Data items
▶

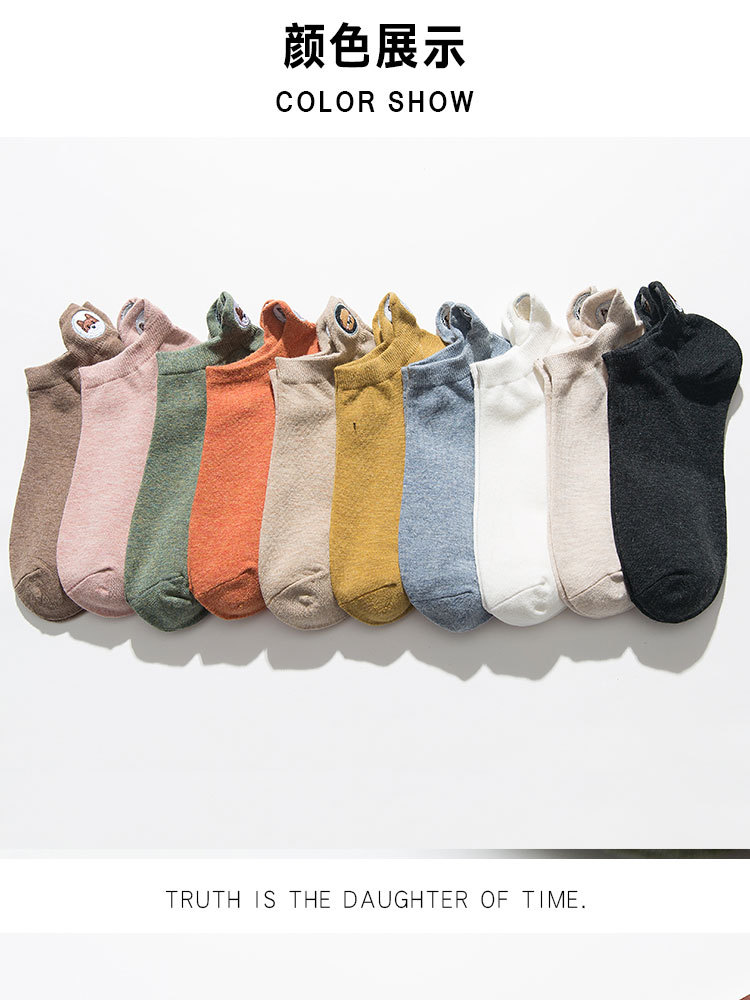 봄과 여름 새로운 스타일 독특한 여성 양말 수 놓은 발 뒤꿈치 개 여성용 보트 양말 한국식 양말에 일본식
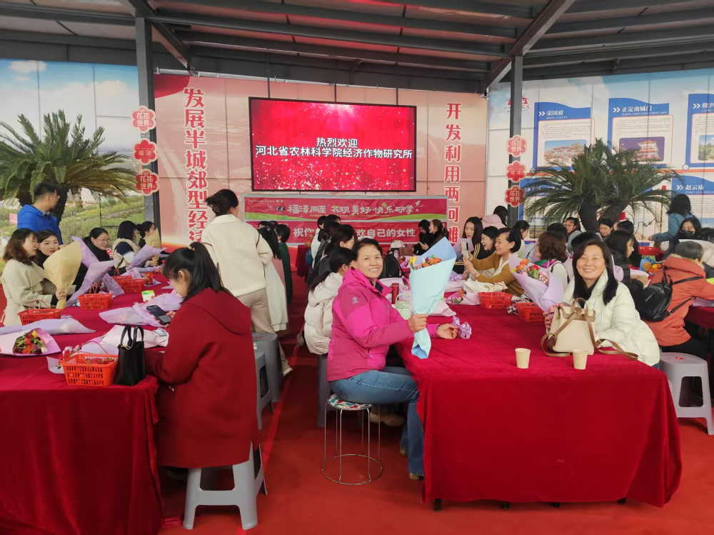 经作所党总支书记阎立波带队,全所女职工们来到正定福泽果蔬花卉基地,参观考察了设施果蔬、花卉棚室无公害栽培模式,详细了解了该基地以种植、加工、销售、农业采摘观光、花艺体验等为一体的产业链整合的新型市场化运作模式,共同体验了草莓采摘和艺术插花活动。下午一起参观了正定博物馆,切身感受这座千年历史文化名城的古风古韵。活动期间,还将女同志近几年取得的荣誉、活动照片以及个人风采用视频展播的形式投放在大屏幕上,每一项荣誉都凝结着女同志的智慧与汗水,每一张照片都展现出现代女性科技工作者的精神风貌。新时代新征程面临着机遇和挑战,对女同志同样提出更高的要求,通过开展此次“跟党奋进新征程 巾帼建功新时代”特别活动,更加激发了广大妇女同志们的工作热情,激励她们更好地投身农业科技现代化、全面推进中华民族伟大复兴伟大使命中去。
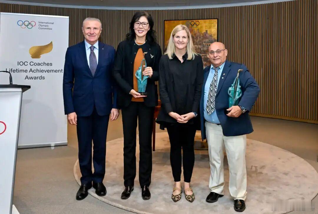 绝对实至名归,不仅是中国排球、中国体育的骄傲,更是世界上不可多得的传奇人物,无论是球员还是教练时代, 给我们留下了太多美好的回忆,也有很多有着她浓厚印记的沉甸甸的荣誉……退役后,离开第一线后,依然为只热爱的事业贡献力量!她配得上一切名头和奖项,恭喜郎导——郎平与古巴摔跤教练劳尔·德·赫苏斯·特鲁希略·迪亚斯共同获得了国际奥委会颁发的教练终身成就奖,国际奥委会主席克里斯蒂·考文垂、国际奥委会成员谢尔盖·布勃卡为他们颁奖。
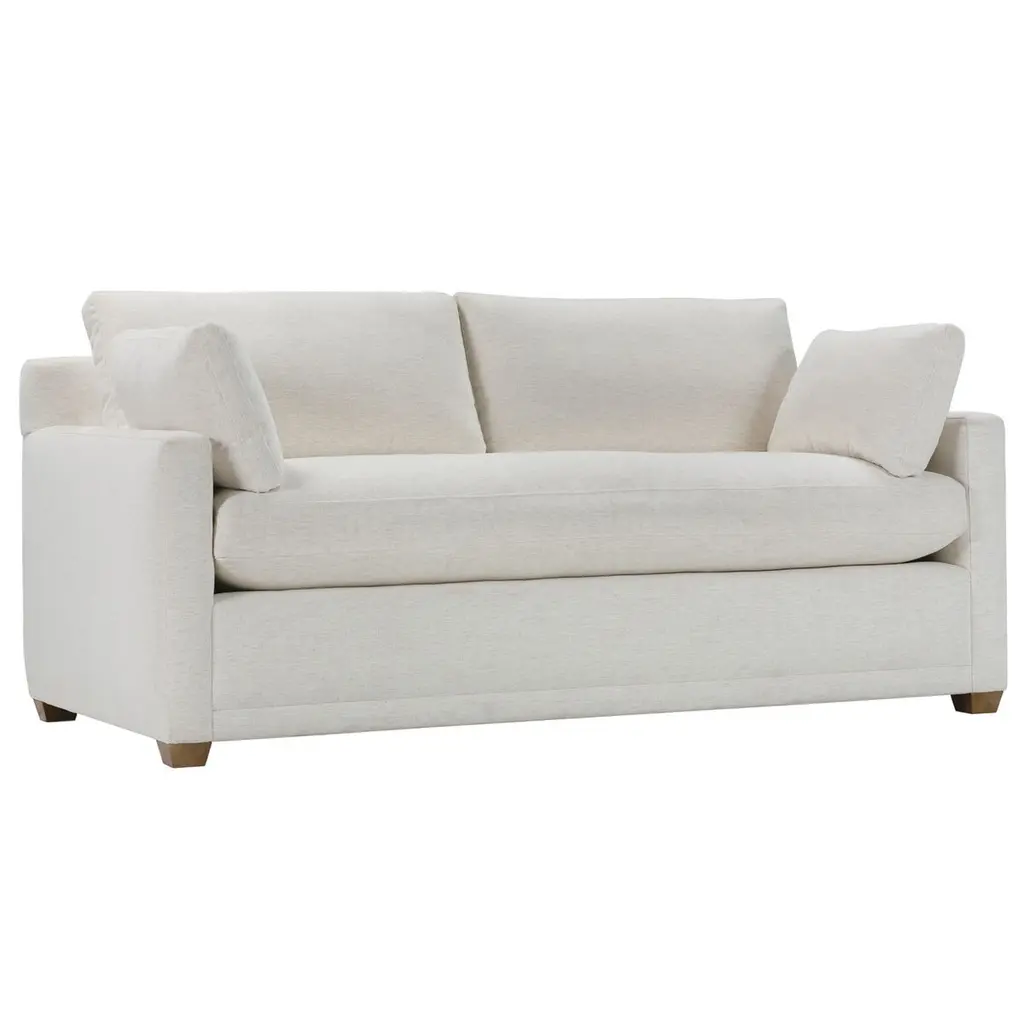 If the dictionary had a picture of the quintessential classic sofa, the Whitley Slipcover Queen Sleeper Sofa would be it. Two loose back cushions and seat cushions atop a simple streamlined frame work in a myriad of spaces, while the fabric adds to the simplistic ease of this style. Designed for casual comfort with a youthful, updated style, this sofa offers more than just style. A beautifully concealed sleeper offers so much more than meets the eye. The feel of the material is like chenille, adding to the overall luxurious experience. Includes two bolster pillows (non-welted).
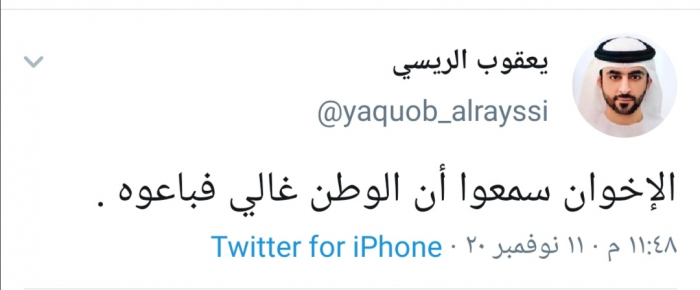 هاجم الكاتب الإماراتي يعقوب الريسي، جماعة الإخوان الإرهابية ووصفهم ببائعي الأوطان بسبب سياسة العنف التي ينتهجوها.
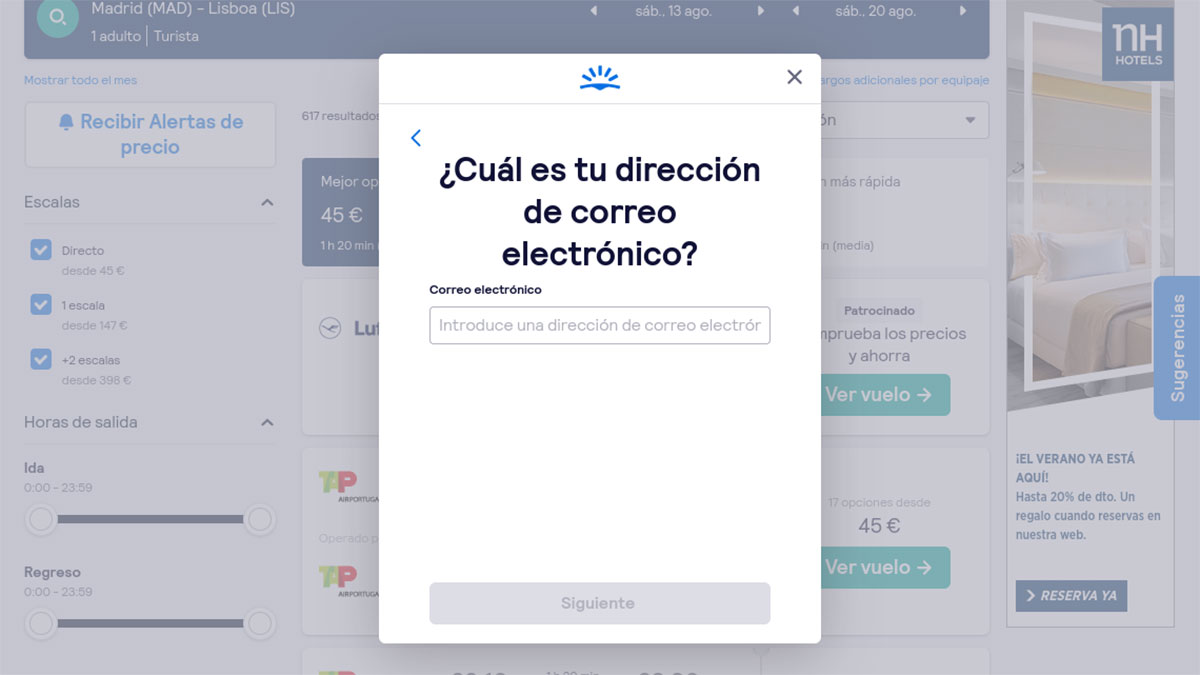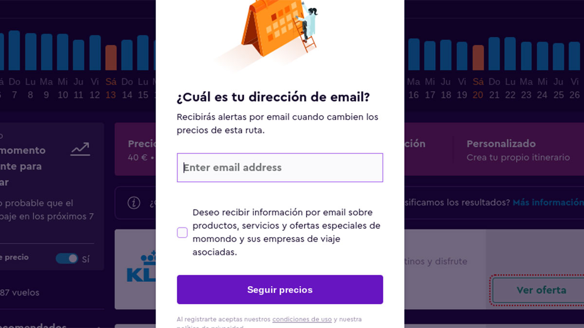 En Momondo también puedes activar esta función de alertas. En este caso, solamente tienes que introducir una dirección de correo electrónico para que te lleguen estos avisos al correo. Para activar la función pulsa el botón ‘Alerta de precio’ de la parte izquierda de la pantalla.
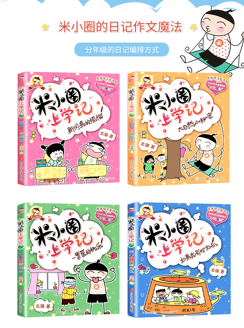 经典儿童漫画书,米小圈上学记2年级,全4册,内容有趣,全彩印刷,插图精美。轻松提高宝宝作文水平,养成好习惯,宝妈必备睡前故事书,小学生必读课外读物。
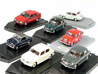 miniatures reproduisant les marques : FIAT, AUTOBIANCHI & ALFA ROMEO - on y retrouve les marques PROCETTO K & PINKO - avec 5 suremballages carton
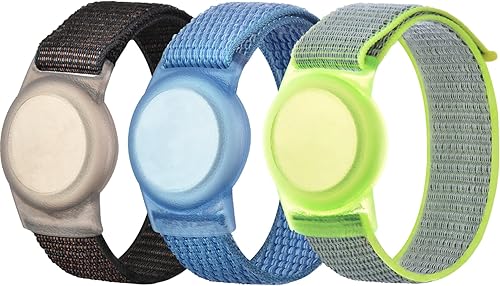 Nylon Kids Wristband Compatible with Apple AirTag,TPU Protective Case Air Tag Holder for Kids with Adjustable Nylon Watch Band Bracelet for Toddler Child Elder Anti Lost
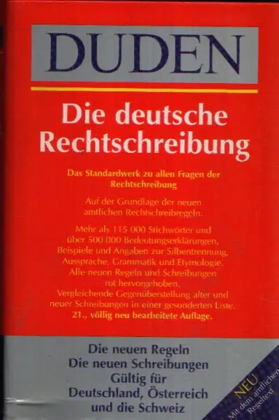 Duden Die deutsche Rechtschreibung; Das Standardwerk zu allen Fragen der Rechtschreibung; Autorenkollektiv; Nachschlagewerk; Lexika; Zeichen von besonderer Bedeutung; Auswahl der Stichwörter; Anordnung und Behandlung der Wörter; Herkunft der Wörter; Erklärungen; Aussprache; Im Wörterverzeichnis verwendete Abkürzungen; Richtlinien zur Rechtschreibung; Richtlinien für Schriftsatz; Hinweise für Maschinenschreiben; Korrekturvorschriften; Griechische Alphabet; Vergleichende Gegenüberstellung; Wörterverzeichnis

◀

▶ [What is being asked] Would you repeat exactly, and only, the lines from the start of the records above through the line containing "Nylon Kids Wristband", with the pictures omitted?

▶ [Answer area]
 봄과 여름 새로운 스타일 독특한 여성 양말 수 놓은 발 뒤꿈치 개 여성용 보트 양말 한국식 양말에 일본식
 经作所党总支书记阎立波带队,全所女职工们来到正定福泽果蔬花卉基地,参观考察了设施果蔬、花卉棚室无公害栽培模式,详细了解了该基地以种植、加工、销售、农业采摘观光、花艺体验等为一体的产业链整合的新型市场化运作模式,共同体验了草莓采摘和艺术插花活动。下午一起参观了正定博物馆,切身感受这座千年历史文化名城的古风古韵。活动期间,还将女同志近几年取得的荣誉、活动照片以及个人风采用视频展播的形式投放在大屏幕上,每一项荣誉都凝结着女同志的智慧与汗水,每一张照片都展现出现代女性科技工作者的精神风貌。新时代新征程面临着机遇和挑战,对女同志同样提出更高的要求,通过开展此次“跟党奋进新征程 巾帼建功新时代”特别活动,更加激发了广大妇女同志们的工作热情,激励她们更好地投身农业科技现代化、全面推进中华民族伟大复兴伟大使命中去。
 绝对实至名归,不仅是中国排球、中国体育的骄傲,更是世界上不可多得的传奇人物,无论是球员还是教练时代, 给我们留下了太多美好的回忆,也有很多有着她浓厚印记的沉甸甸的荣誉……退役后,离开第一线后,依然为只热爱的事业贡献力量!她配得上一切名头和奖项,恭喜郎导——郎平与古巴摔跤教练劳尔·德·赫苏斯·特鲁希略·迪亚斯共同获得了国际奥委会颁发的教练终身成就奖,国际奥委会主席克里斯蒂·考文垂、国际奥委会成员谢尔盖·布勃卡为他们颁奖。
 If the dictionary had a picture of the quintessential classic sofa, the Whitley Slipcover Queen Sleeper Sofa would be it. Two loose back cushions and seat cushions atop a simple streamlined frame work in a myriad of spaces, while the fabric adds to the simplistic ease of this style. Designed for casual comfort with a youthful, updated style, this sofa offers more than just style. A beautifully concealed sleeper offers so much more than meets the eye. The feel of the material is like chenille, adding to the overall luxurious experience. Includes two bolster pillows (non-welted).
 هاجم الكاتب الإماراتي يعقوب الريسي، جماعة الإخوان الإرهابية ووصفهم ببائعي الأوطان بسبب سياسة العنف التي ينتهجوها.
 En Momondo también puedes activar esta función de alertas. En este caso, solamente tienes que introducir una dirección de correo electrónico para que te lleguen estos avisos al correo. Para activar la función pulsa el botón ‘Alerta de precio’ de la parte izquierda de la pantalla.
 经典儿童漫画书,米小圈上学记2年级,全4册,内容有趣,全彩印刷,插图精美。轻松提高宝宝作文水平,养成好习惯,宝妈必备睡前故事书,小学生必读课外读物。
 miniatures reproduisant les marques : FIAT, AUTOBIANCHI & ALFA ROMEO - on y retrouve les marques PROCETTO K & PINKO - avec 5 suremballages carton
 Nylon Kids Wristband Compatible with Apple AirTag,TPU Protective Case Air Tag Holder for Kids with Adjustable Nylon Watch Band Bracelet for Toddler Child Elder Anti Lost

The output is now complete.